• **The data**
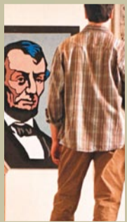
リンカーン生誕200周年祭
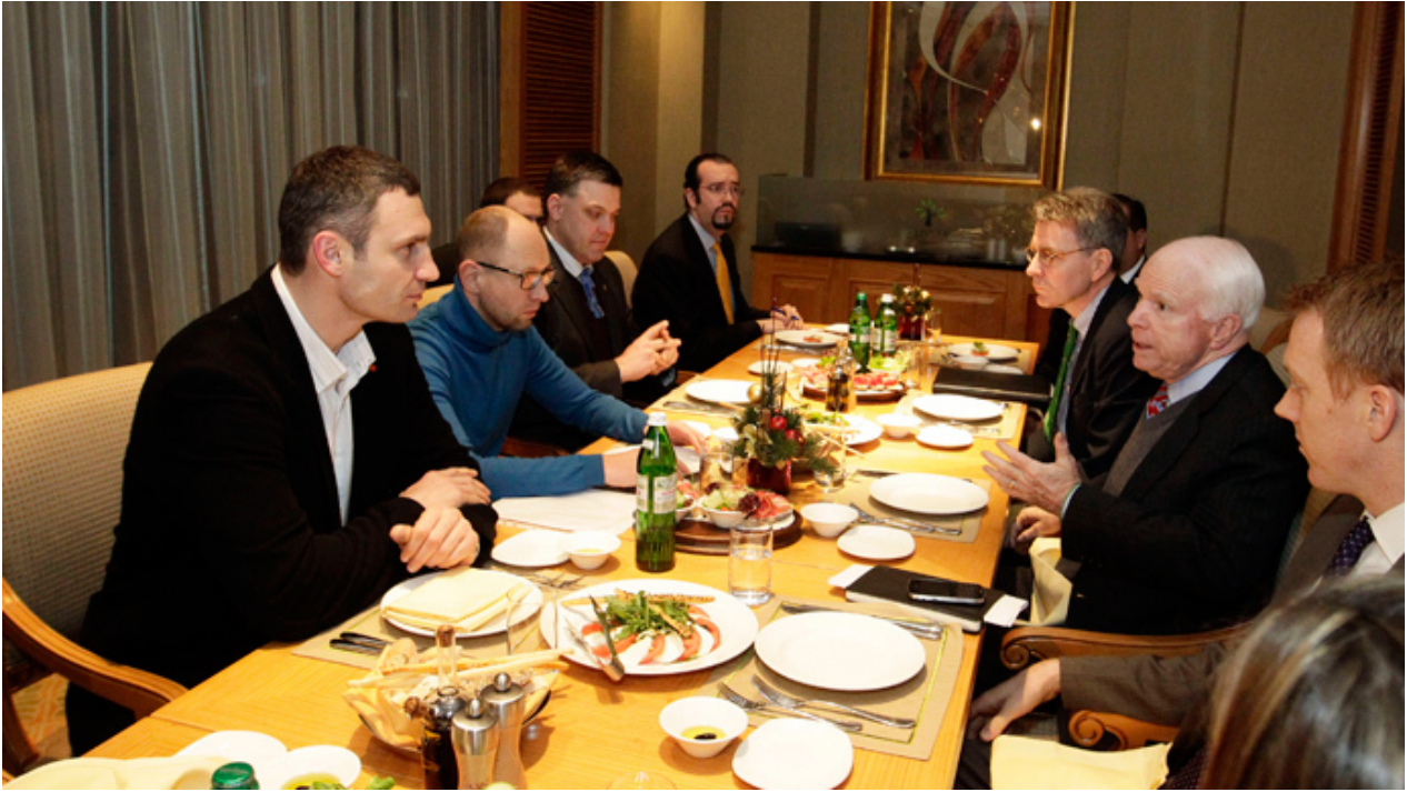
McCain rencontre Klitschko, Iatseniouk et Tyahnybok (décembre 2013)

L'ingérence américaine s'est aussi illustrée par « l'affaire Nuland » qui a montré que le vocabulaire diplomatique utilisé par certains hauts fonctionnaires américains n'avait rien à envier à celui des charretiers. « Fuck the UE! », s'est-elle exclamée. Ce qui en dit long sur la lutte d'influence qui oppose l'oncle Sam au vieux continent.
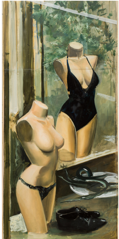
Alex Amann 2017, 141,5 x 67 Huile sur bois 2017
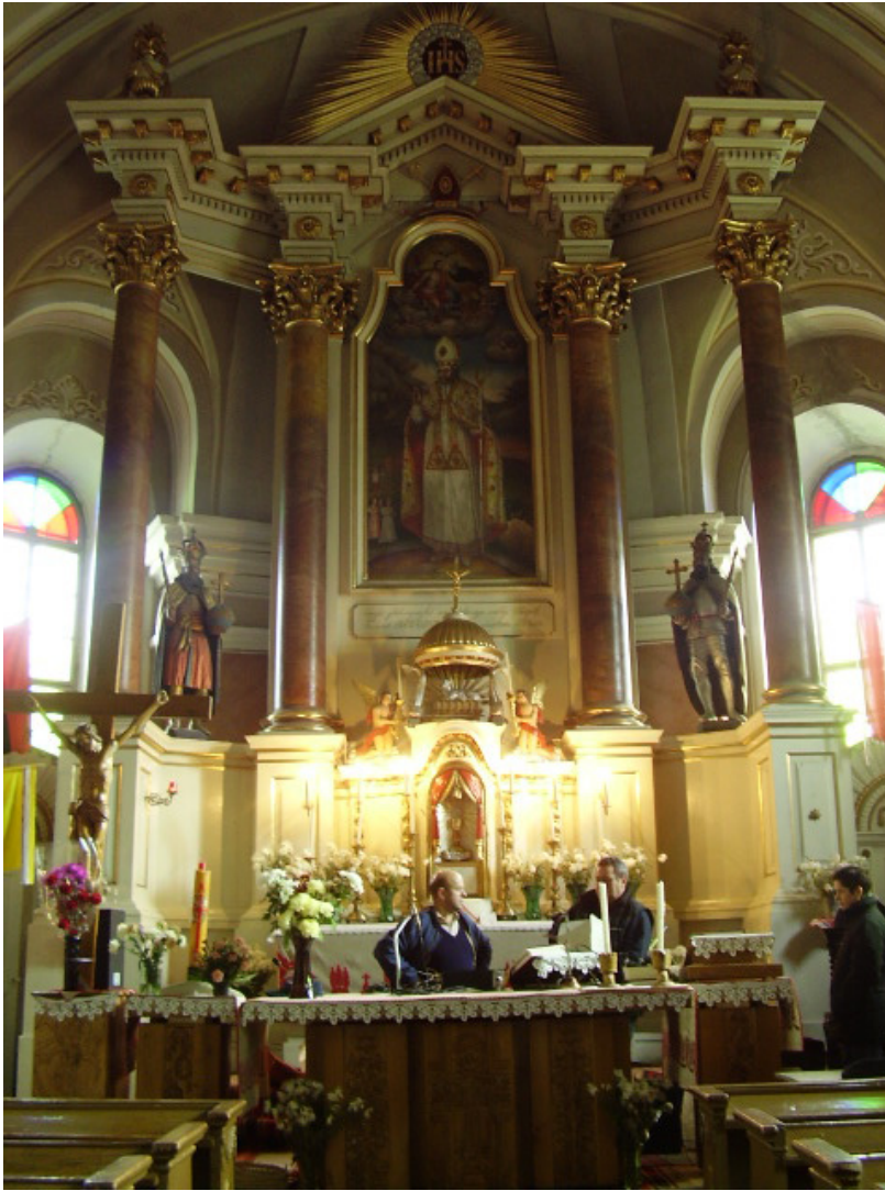
9. A tusnádi főoltár
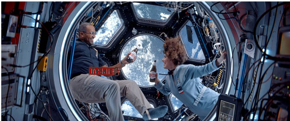
TYSKIE | WKRÓTCE BĘDZIEMY BLIŻEJ
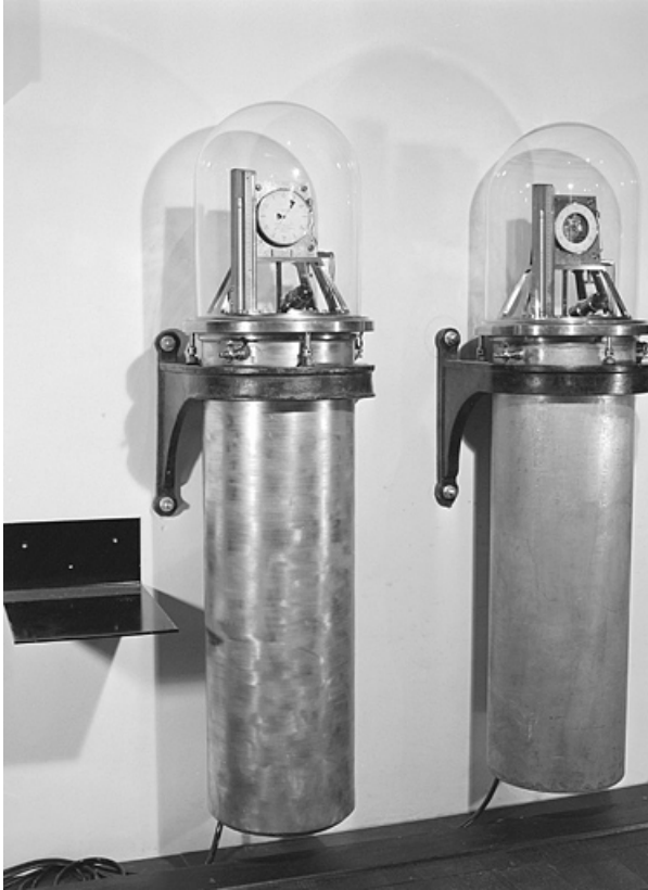
Vue d'ensemble des horloges à pression constante Leroy exposées au Musée du Temps. À gauche horloge n° 1450, à droite horloge n° 1723.

25, Besançon, 34 avenue de l' Observatoire, lieudit : la Bouloie
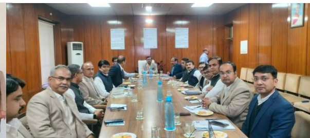
JS MHI interacting with REIL officials during his visit to REIL works
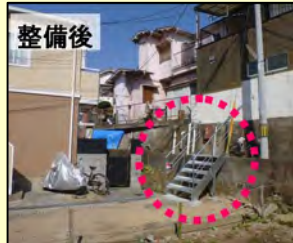
▲「行き止まり解消階段」設置 (泉が丘3丁目)

城が山北エリアでは、9月20日秋晴れの中、行き止まり道路の先にあるブロック塀に設置された避難扉の「城が山北エリア第1号開通式」が実施されました。これは、地震や火事などの緊急時に2方向避難できる、緊急避難サポート事業により設置された扉です。
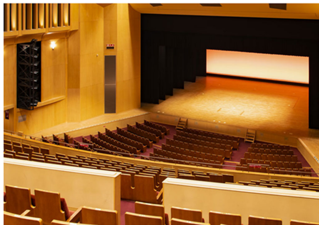
企業PRプレゼン会場 (大ホール) ※企業展ブースプレミアムのみ対象
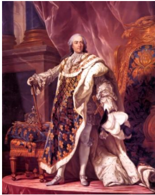
Louis Michel van Loo, Louis XV, roi de France et de Navarre , 1760, huile sur toile, 198 x 142 cm, Château de Versailles

• **What is expected**
Print exactly the lines between the line containing "L'ingérence américaine s'est" and the last line of the entries above, including both, and nothing besides; skip the pictures.

• **Exercise solution**
L'ingérence américaine s'est aussi illustrée par « l'affaire Nuland » qui a montré que le vocabulaire diplomatique utilisé par certains hauts fonctionnaires américains n'avait rien à envier à celui des charretiers. « Fuck the UE! », s'est-elle exclamée. Ce qui en dit long sur la lutte d'influence qui oppose l'oncle Sam au vieux continent.
Alex Amann 2017, 141,5 x 67 Huile sur bois 2017
9. A tusnádi főoltár
TYSKIE | WKRÓTCE BĘDZIEMY BLIŻEJ
Vue d'ensemble des horloges à pression constante Leroy exposées au Musée du Temps. À gauche horloge n° 1450, à droite horloge n° 1723.

25, Besançon, 34 avenue de l' Observatoire, lieudit : la Bouloie
JS MHI interacting with REIL officials during his visit to REIL works
▲「行き止まり解消階段」設置 (泉が丘3丁目)

城が山北エリアでは、9月20日秋晴れの中、行き止まり道路の先にあるブロック塀に設置された避難扉の「城が山北エリア第1号開通式」が実施されました。これは、地震や火事などの緊急時に2方向避難できる、緊急避難サポート事業により設置された扉です。
企業PRプレゼン会場 (大ホール) ※企業展ブースプレミアムのみ対象
Louis Michel van Loo, Louis XV, roi de France et de Navarre , 1760, huile sur toile, 198 x 142 cm, Château de Versailles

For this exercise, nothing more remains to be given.